CORONADO, Calif. -
10News on Tuesday received a first look at a new technology that promises to help keep the lights on.
When the sunshine heats up San Diego, the power lines can be stressed trying to get energy to homes and businesses.
When things go wrong, the area can be left in the dark. On Sept. 8, 2011, 1.4 million people in Southern California were without power.
SDG&E pinpointed the cause to operator error by a service employee working on a substation near Yuma, Ariz. A line failed and the effects rippled from Mexico to San Diego and Orange counties.
With the San Onofre Nuclear Generating Station still offline and its future uncertain, energy use continues to be a big concern for San Diegans.
"When those 90-degree weather days are out there and the air conditioners are filling on, how do you help supply energy and demand efficiently?" asked Mark Hura, who is the general sales manager for North America for GE's Digital Energy Business.
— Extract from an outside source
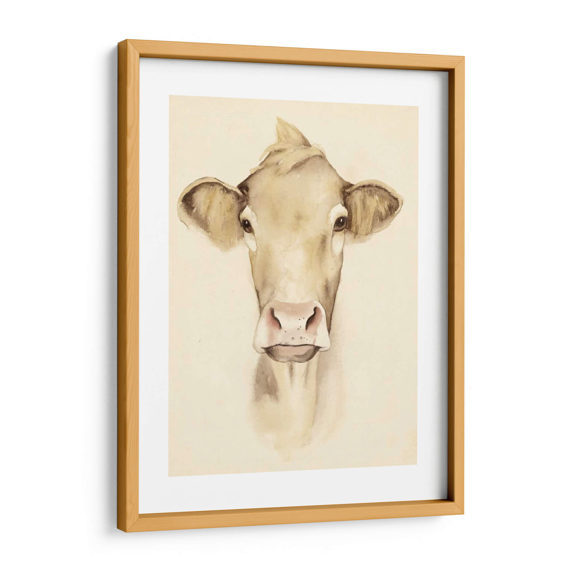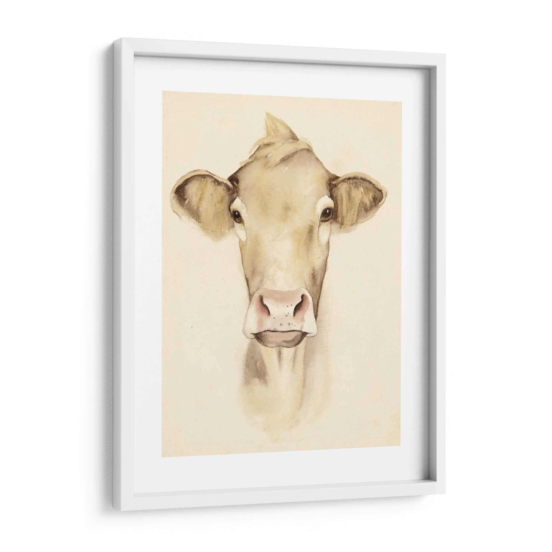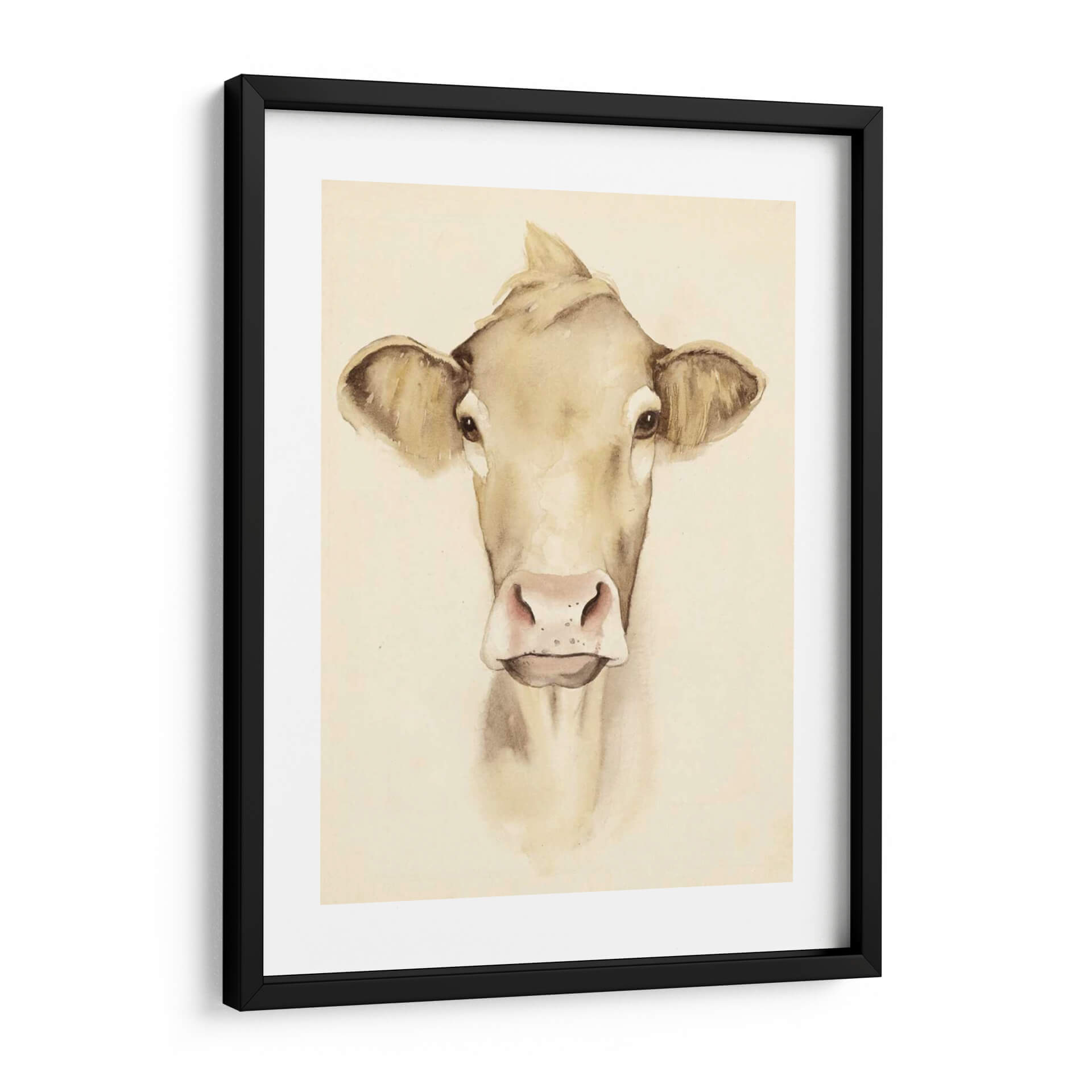 Aporta un toque de serenidad campestre y encanto rústico a tu hogar con esta encantadora obra de arte "Acuarela Barn Animales III" de Grace Popp. La pieza presenta un primer plano de una vaca pintada con delicadeza en tonos tierra y acuarela, transmitiendo una sensación de calma y nobleza. La técnica de acuarela, con sus suaves transiciones de color y líneas fluidas, crea una atmósfera etérea y acogedora, perfecta para cualquier espacio que busque un respiro de la vida moderna. Los detalles sutiles en los ojos y la nariz de la vaca añaden una profundidad conmovedora, invitando a la contemplación. Este cuadro decorativo es ideal para salones, dormitorios o incluso cocinas con temática rústica o farmhouse, añadiendo un punto focal de dulzura natural. La paleta de colores neutros y cálidos se integra fácilmente con diversas decoraciones, desde lo minimalista hasta lo más tradicional. Descubre la belleza sencilla de la naturaleza a través de la visión artística de Grace Popp y transforma tu pared en un lienzo de tranquilidad y estilo.

He said said the answer is technology they call "PowerOn Precision."
"The utility can actually look at whether it's actually a utility load, a commercial load or a residential program and help to optimize some of that supply and demand," said Hura.
It is a demand response system that lets utility companies manage the amount of energy used as needed. They do that by following the power along the grid, down to the electron.
"As a power electron leaves a power station and the electron leaves the power station, we've got the ability, the visibility to control that electron as it moves physically from the station to home," said Brian Bradford, the director of Smart Grid Solutions for GE Energy Services.
That is so every home or business receives the right amount of energy that is needed.
GE told 10News they are talking with a few local companies about bringing the new technology to San Diego.